I sculpted my prop using a non drying clay, real world sculpting. Something that wasn't going to push me over the edge for unfamiliar tech on day one. Once I had my starting point, I borrowed a 3d scanner from my aunt and struggled through learning how to use it "new out of the box". This led to learning "mesh" software which is NOT a design software in the historical sense but made especially for taking measured scans of a 3d object and mapping it into a shape using hundreds of separate points (just like the dots they throw on a motion capture actor). This is then opened into a true 3d software program (some are both mesh and 3d in one). At this stage the design can be shared and sent electronically to collaborate with other uber prop fans around the world, which we did. When the file was complete and it was time to go to printing, it has to go through another piece of software called a slicer that cuts it into the layers it needs to be printed on a 3d printer (there are many many kinds) or to be fabricated using a cnc mill or similar. These two processes are creating the same object but one is adding material and the other taking it away. The file was the same originally but one went to create code for a milling machine, lathe or router while the other code was for printing. Printers can print in many ways and in many materials. Once the prop was printed it needed to be prepped for paint which included different types of sanding, filling and surfacing. After all of this, it is finally ready for paint and weathering/aging.
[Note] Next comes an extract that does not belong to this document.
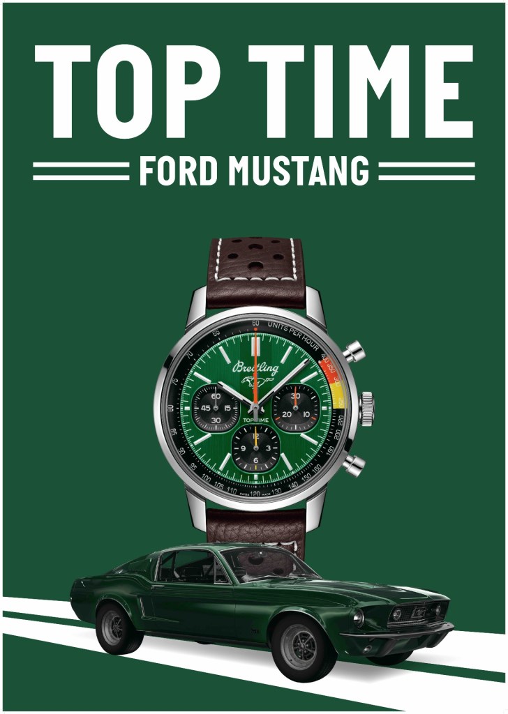 Esta ardiente tradición continúa hoy con la asociación de Breitling con algunos de los nombres más conocidos del mundo motor para crear los diseños Top Time: marcas de motociclismo como Deus Ex Machina y Triumph Motorcycles y de automovilismo como Ford Thunderbird y Mustang, Chevrolet Corvette y Shelby Cobra.
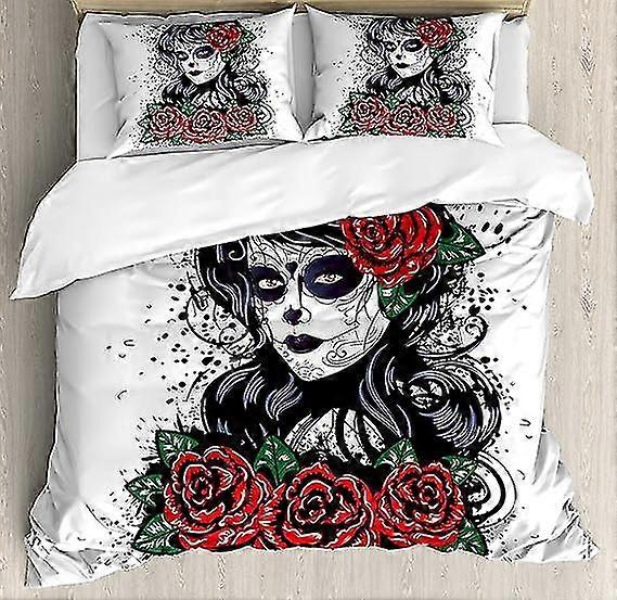 25-26 Tête De Mort Housse De Couette Ensemble Cheveux Morts En Forme De Sucre Dame Roses En Encre Rétro Style Design Mexicain Folk Imprimé E

One of the COOLEST aspects of this crazy digitization of prop making is that once it is living in the digital world, as a finished 3d object, it can be scaled up or down easily during the printing or machining processes. It can even be used as an object in games, in photos and in videos. Imagine being the super fan that happens to be a foot and a half taller than the actor from the movie. The prop can be scaled up to match your size and your finished photos can look very similar to the original instead of "Big maaaaan in a little cooooaaaat...." (and yes, I miss Chris Farley).

So here I will post all of the links and tips I have picked up from other threads and from all the rpf'ers who insist on being cool and lending a hand to newbs, which is most of them. Please post at will and on whichever portion of the process you wish to talk about. I certainly will not be maintaining the thread nor refereeing content. It is just a spot to post your tips and your questions and hopefully your success and failure pictures as well. If you have a thread of this nature or of a specific portion of this, Please Please Please, add a link here so everyone can find you and your info. Many of my links will be external videos or software so always be cautious and safe about how you surf, follow, or download as nothing on the internet is without its risk and what might be a working link one day can be hijacked the next.

And always expect that I am resharing and am not a pro saying my way is the only way. Call me out on anything you see that is just simply wrong or offer a better way.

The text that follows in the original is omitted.